Restrictions on Borrowing by Employees, Officers, and Directors

1.) Borrowings by Employees

Employees are encouraged to meet their credit needs by borrowing from the Company in accordance with its loan policies.

2.) Borrowings by Officers and Directors

(a) Regulation of Officers and Directors. Regulation O of the Federal Reserve Board limits borrowings by the Company’s officers and directors from Company’s affiliated with the Company. Each Company affiliate has designated its Regulation O officers and directors. Generally, these officers and directors will be the senior policy-making officers and directors at a Company affiliate. Any officer or director in doubt about whether he or she is a Regulation O officer or director should check with the Chief Credit Officer. Officers and directors not subject to Regulation O may borrow from a Company affiliated with the Company in accordance with its loan policies.

(b) Borrowing from Non-affiliated Lending Institutions. The Company does not restrict its officers or directors from borrowing from other reputable financial institutions on customary terms to meet proper credit needs. The Company does not limit the amount of any such outside loans, although all officers and directors are expected to conduct their financial affairs in a manner that will be above criticism. Regulation O officers and directors may have to disclose such borrowings.

Illegal or Improper Use of the Company’s Corporate Funds

Employees must record the purpose of any transaction that relates to the Company’s funds or assets at the time of the transaction. Employees may not establish or maintain secret or unrecorded funds in order to facilitate illegal payments or engage in any transaction knowing that funds will be used for any unlawful or improper purpose. Questions concerning the permissibility of any payments should be directed to the Chief Executive Officer.


Fair Lending

The Company is committed to complying with and supporting fair lending and anti-discriminatory lending laws and to supporting the credit needs of its entire community. Employees should be aware of the requirements of these laws and of the Company’s policies and procedures in this area.

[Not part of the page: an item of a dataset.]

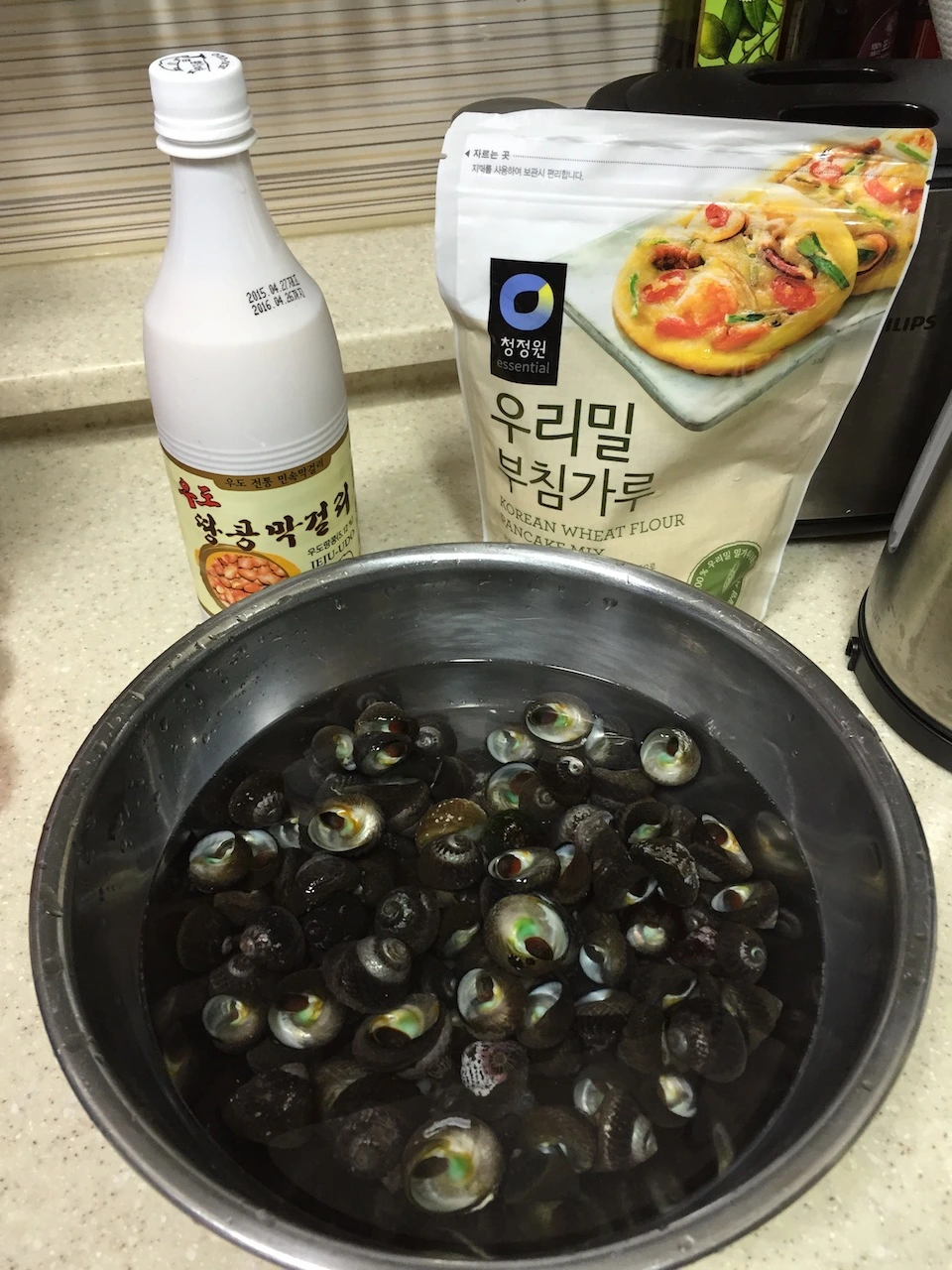 보말부침개를 해먹으려 했으나 셋 다 뻗어 버렸음..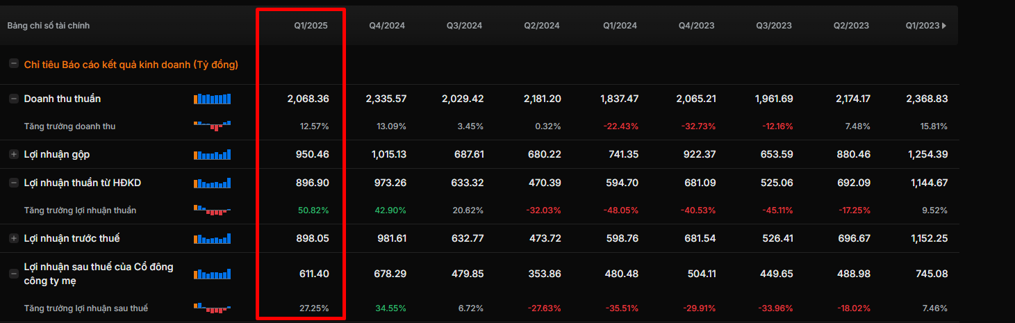 - Doanh thu thuần đạt 2.068 tỷ (+12,5% YoY)

2.) CONFLICT OF INTEREST ETHICS

Introduction

The Company’s goal is to treat customers and others fairly and with integrity. Each employee must manage his or her personal and business affairs in a manner that will avoid actual or apparent conflicts of interest involving the Company. Directors are subject to additional laws designed to prevent conflicts of interest. In general, an employee may not:

 

   

Allow his or her judgment to be improperly influenced by any person or activity outside of the Company;

 

   

Compete against the Company;

 

   

Divert business from the Company;

 

   

Harm the Company’s reputation; or

 

   

Obtain personal benefit at the Company’s expense.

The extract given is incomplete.